→ WORK REQUIRED
Go through the data underneath and report how many lines hold the string "Inovadores", giving only the number.

→ EXCERPTED DATA

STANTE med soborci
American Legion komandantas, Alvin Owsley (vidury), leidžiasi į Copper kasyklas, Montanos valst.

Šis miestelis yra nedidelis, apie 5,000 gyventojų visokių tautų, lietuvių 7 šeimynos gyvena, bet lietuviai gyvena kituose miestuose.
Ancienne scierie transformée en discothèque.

...

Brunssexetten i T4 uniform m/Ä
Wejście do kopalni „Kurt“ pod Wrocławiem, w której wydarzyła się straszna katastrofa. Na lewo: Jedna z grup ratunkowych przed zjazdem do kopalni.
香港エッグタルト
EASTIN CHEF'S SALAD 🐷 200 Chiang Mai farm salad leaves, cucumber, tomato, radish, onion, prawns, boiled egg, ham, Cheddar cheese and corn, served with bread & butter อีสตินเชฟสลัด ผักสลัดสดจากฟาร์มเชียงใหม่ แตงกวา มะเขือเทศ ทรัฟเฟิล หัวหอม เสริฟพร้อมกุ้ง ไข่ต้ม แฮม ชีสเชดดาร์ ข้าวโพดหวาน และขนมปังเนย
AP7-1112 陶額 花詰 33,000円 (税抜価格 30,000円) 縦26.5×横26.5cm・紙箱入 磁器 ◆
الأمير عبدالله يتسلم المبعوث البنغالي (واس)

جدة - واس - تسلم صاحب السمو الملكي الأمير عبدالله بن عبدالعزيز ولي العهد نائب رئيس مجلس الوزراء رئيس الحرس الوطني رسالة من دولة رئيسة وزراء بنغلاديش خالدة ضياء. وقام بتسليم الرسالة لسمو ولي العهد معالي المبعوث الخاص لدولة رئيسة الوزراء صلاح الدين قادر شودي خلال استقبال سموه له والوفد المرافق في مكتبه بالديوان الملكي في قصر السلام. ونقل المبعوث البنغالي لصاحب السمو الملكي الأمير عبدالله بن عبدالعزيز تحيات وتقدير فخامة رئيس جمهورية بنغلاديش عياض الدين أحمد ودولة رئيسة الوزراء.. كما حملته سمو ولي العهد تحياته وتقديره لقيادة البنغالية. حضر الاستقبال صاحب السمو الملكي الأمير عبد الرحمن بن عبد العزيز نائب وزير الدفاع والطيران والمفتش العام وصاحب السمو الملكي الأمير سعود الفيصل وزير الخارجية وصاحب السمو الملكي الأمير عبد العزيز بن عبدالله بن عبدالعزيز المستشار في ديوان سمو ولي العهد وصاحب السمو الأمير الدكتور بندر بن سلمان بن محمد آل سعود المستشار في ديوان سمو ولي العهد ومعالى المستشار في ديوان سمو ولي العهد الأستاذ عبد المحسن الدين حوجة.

--

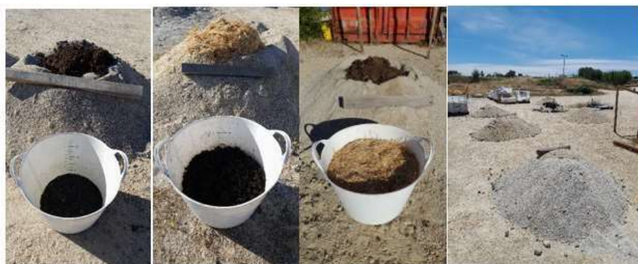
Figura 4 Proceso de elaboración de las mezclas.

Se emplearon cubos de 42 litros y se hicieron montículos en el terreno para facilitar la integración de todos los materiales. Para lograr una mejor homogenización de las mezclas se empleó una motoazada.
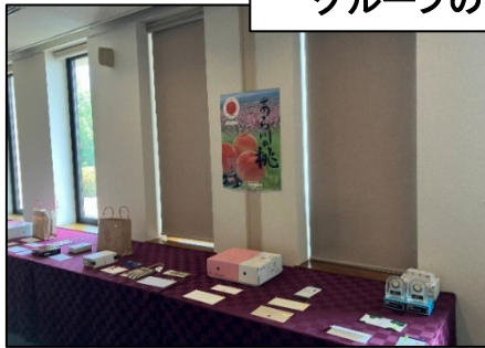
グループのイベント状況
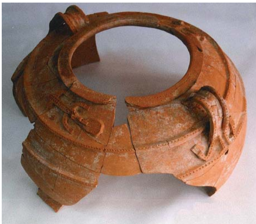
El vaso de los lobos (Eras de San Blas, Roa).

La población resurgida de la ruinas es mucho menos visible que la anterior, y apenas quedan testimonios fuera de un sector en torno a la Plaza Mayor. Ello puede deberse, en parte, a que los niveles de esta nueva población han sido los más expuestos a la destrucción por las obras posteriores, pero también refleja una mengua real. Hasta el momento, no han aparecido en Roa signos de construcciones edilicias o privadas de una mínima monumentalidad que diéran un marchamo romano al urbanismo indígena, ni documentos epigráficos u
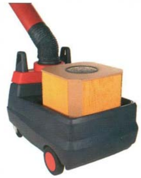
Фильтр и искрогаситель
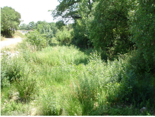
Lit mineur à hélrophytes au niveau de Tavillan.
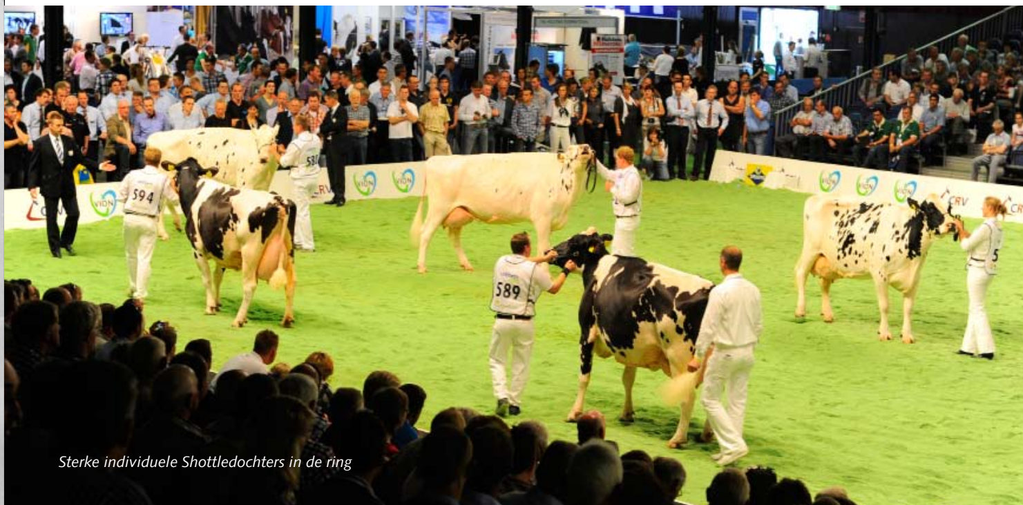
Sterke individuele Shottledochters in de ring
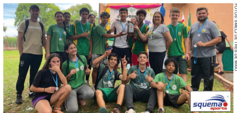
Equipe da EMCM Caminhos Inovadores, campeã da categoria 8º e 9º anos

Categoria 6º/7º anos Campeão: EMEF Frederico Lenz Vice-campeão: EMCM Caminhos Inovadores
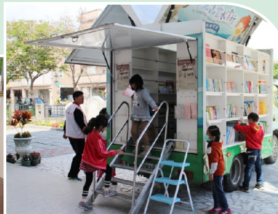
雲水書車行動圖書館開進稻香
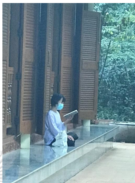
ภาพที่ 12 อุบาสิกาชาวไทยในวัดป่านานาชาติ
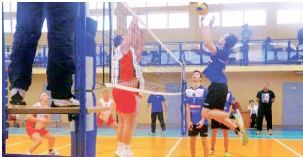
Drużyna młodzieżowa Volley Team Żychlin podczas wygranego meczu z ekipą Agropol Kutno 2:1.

→ SOLUTION FOR THIS TASK
2